Women's Leggings
How readers positioned 7 women's leggings products on the taste map.
By Andrew Burmon
1.
7/8 High-Waist Airlift Legging ($134) The only legging to breach upper-class territory at all, the Airlift reads as the choice of someone wealthy enough to buy premium athleisure but not discerning enough to distinguish between expense and elegance.
2.
Beyond Yoga Women's Spacedye Caught in The Midi ($97) Straddling the bohemian center with notable variability, Beyond Yoga reads as the choice of someone drawn to the mythology of artisanal wellness without quite believing in it.
3.
Athleta Interval Stash High Rise 7/8 Legging ($81.75) Nearly dead-center between discernment and money-signaling, Athleta reads as the choice of a pragmatist indifferent to cultural positioning—competent, earnest, utterly uncontroversial.
4.
Lululemon Wunder Train High-Rise Tight ($98) Firmly planted in nouveau riche soil despite its ubiquity, Lululemon reads as the choice of the woman who believes brand recognition equals taste—the yoga-class equivalent of a visible logo.
5.
SPANXshap Booty Boost Leggings Hovering between aspiration and self-awareness, Spanx reads as the choice of someone shrewd enough to understand body-shaping technology but not confident enough to own it without irony.
6.
Outdoor Voices Puddle Legging ($88) The highest-consensus bohemian option by far, Outdoor Voices reads as the choice of someone who believes in the brand's mythology of authentic movement and has the disposable income to sustain that belief.
7.
Aerie Hugger High Waisted Legging Lodged in nouveau riche lowlands with the widest x-axis disagreement, Aerie reads as the choice of a consumer caught between authenticity marketing and actual commercial pragmatism.
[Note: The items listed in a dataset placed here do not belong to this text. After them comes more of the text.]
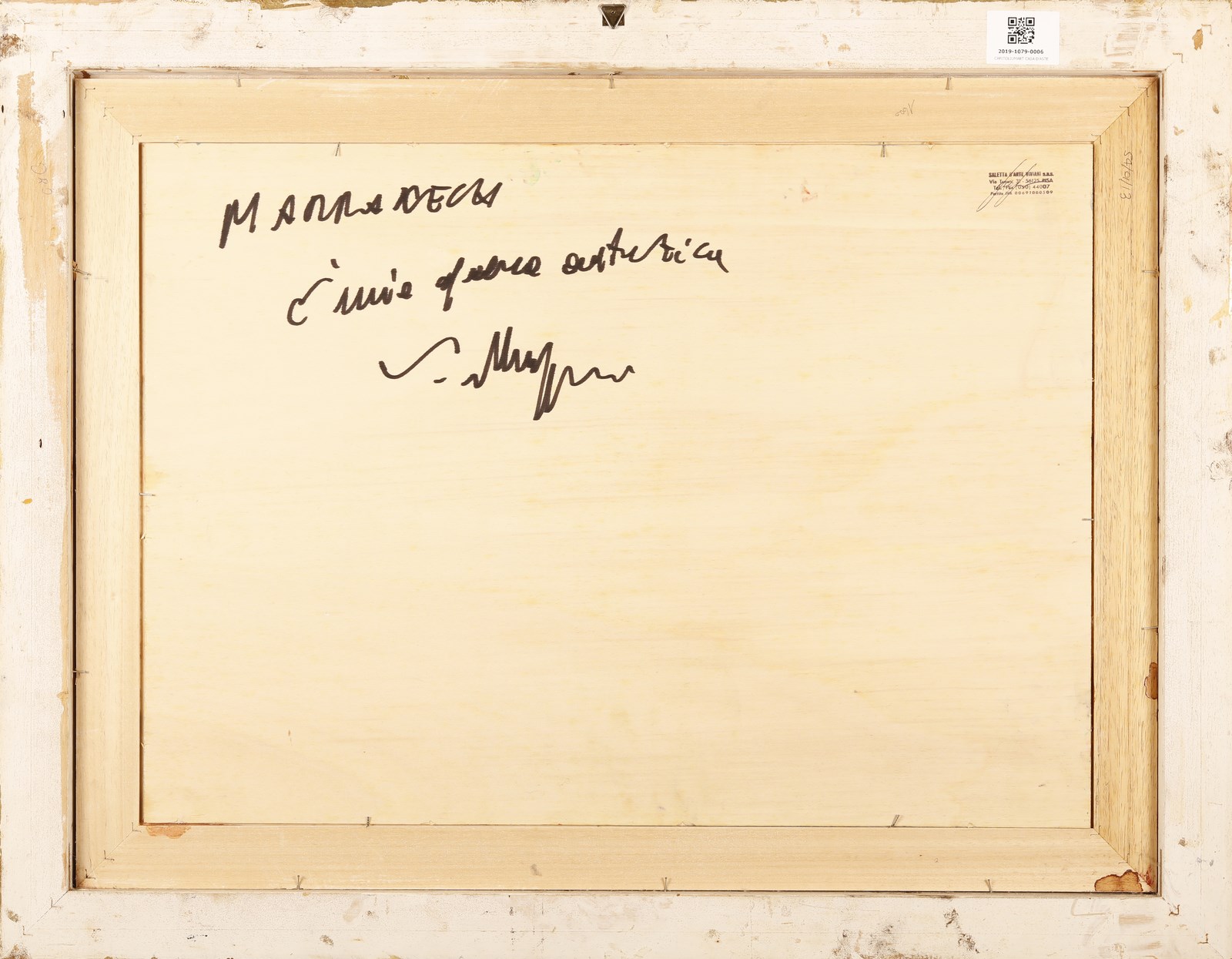 MAGAZZINI SALVATORE (n. 1955) Marrakesh. Olio su tavola. Cm 70,00 x 50,00. Firma in basso a destra. Al retro titolo e firma. Cornice presente
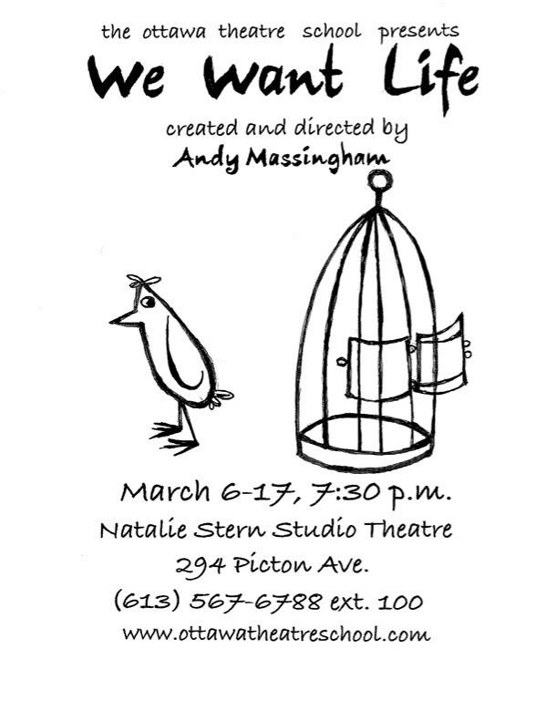 Back at my alma Mater the Ottawa School of Speech and Drama, the OTS kids are back with a new show created by Prix Rideau Awards darling Andy Massingham, WE WANT LIFE (formerly known as GREED), playing in the Natalie Stern Studio from the 6th thru 17th, and I can’t wait (fundraiser on the 1st at 8pm at the Westboro Clocktower!).
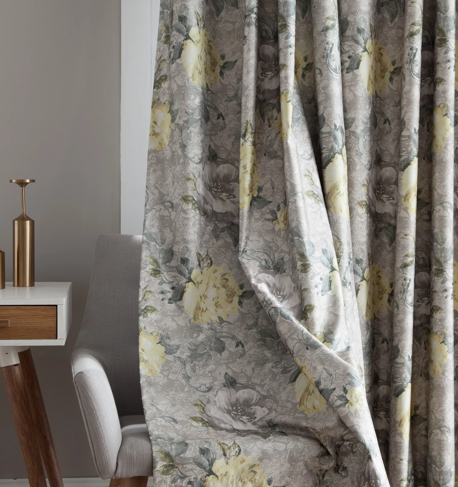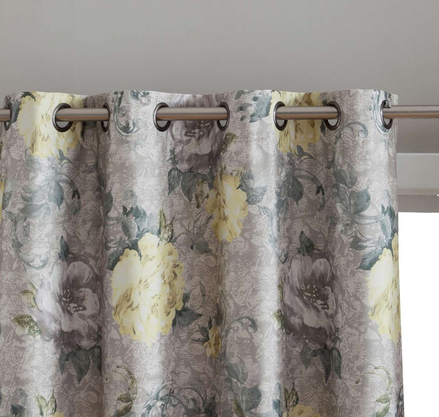 HLC.ME Layla Floral 100% Blackout Grommet Curtain Panels – Yellow – Set Of 2
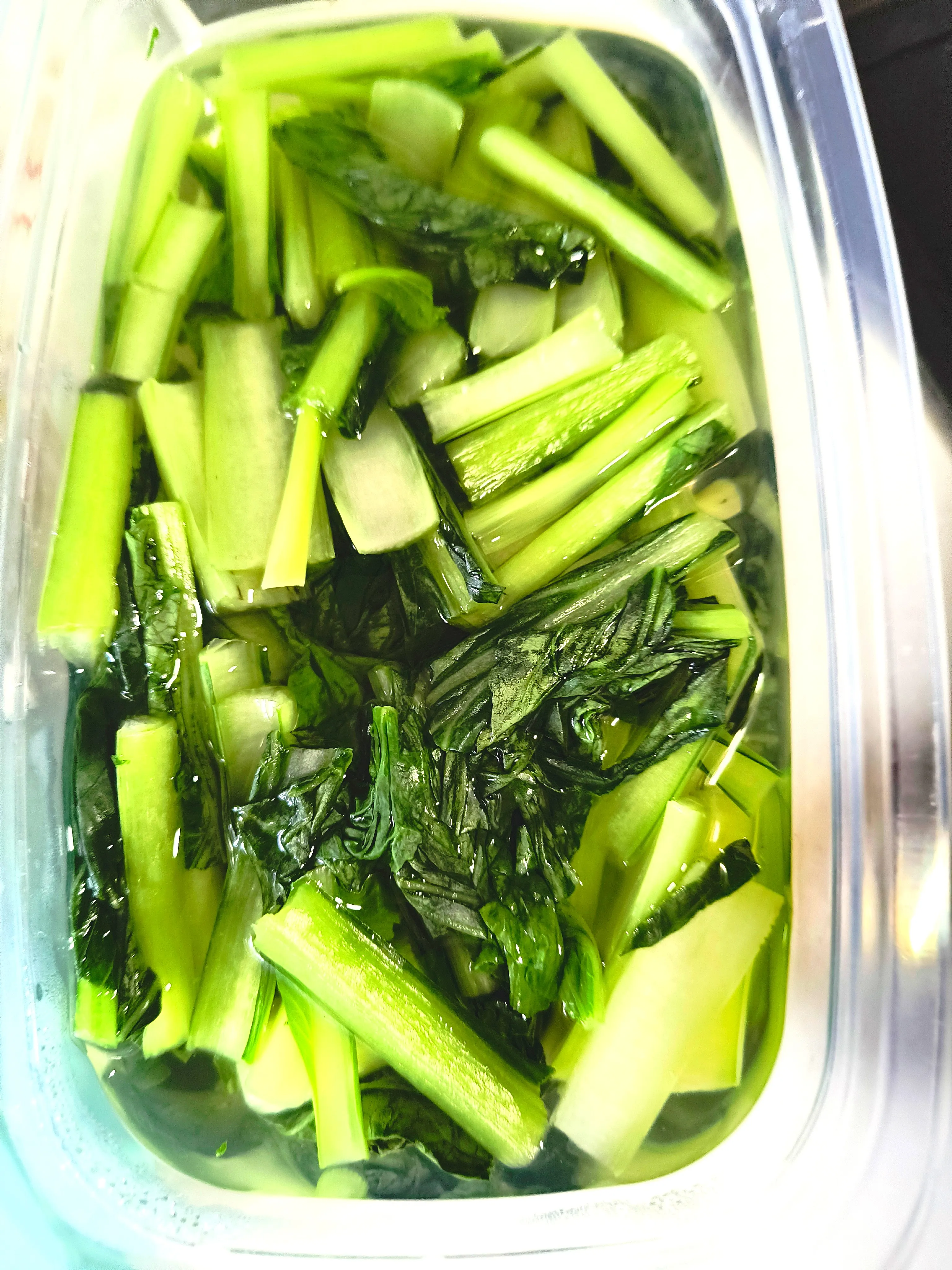 小松菜を塩水でさっと茹でるだけ。塩水に入れたまま冷ます。

The leggings category reveals a market bifurcated less by price than by *semiotics*—a split between brands that signal bohemian ease (Outdoor Voices, Beyond Yoga, Athleta) and those that broadcast nouveau riche striving (Lululemon, Spanx, Aerie).
What's striking is the near-total absence of Old Money placement; no respondent positioned any legging as genuinely sophisticated or understated.
Even the highest-placed option, the Airlift Legging at 7/8-height, landed in Barbarian Rich territory—expensive, but not elegant.
The category itself may be irredeemably casual, or perhaps our respondents (average age 50+) harbor deep skepticism about athleisure's claims to refinement.
The demographic profile—affluent, largely 50–54, concentrated in coastal metros and tech—matters enormously here.
These are people with the income to own multiple pairs, yet they've consistently read leggings as a *compromise* category rather than a status vehicle.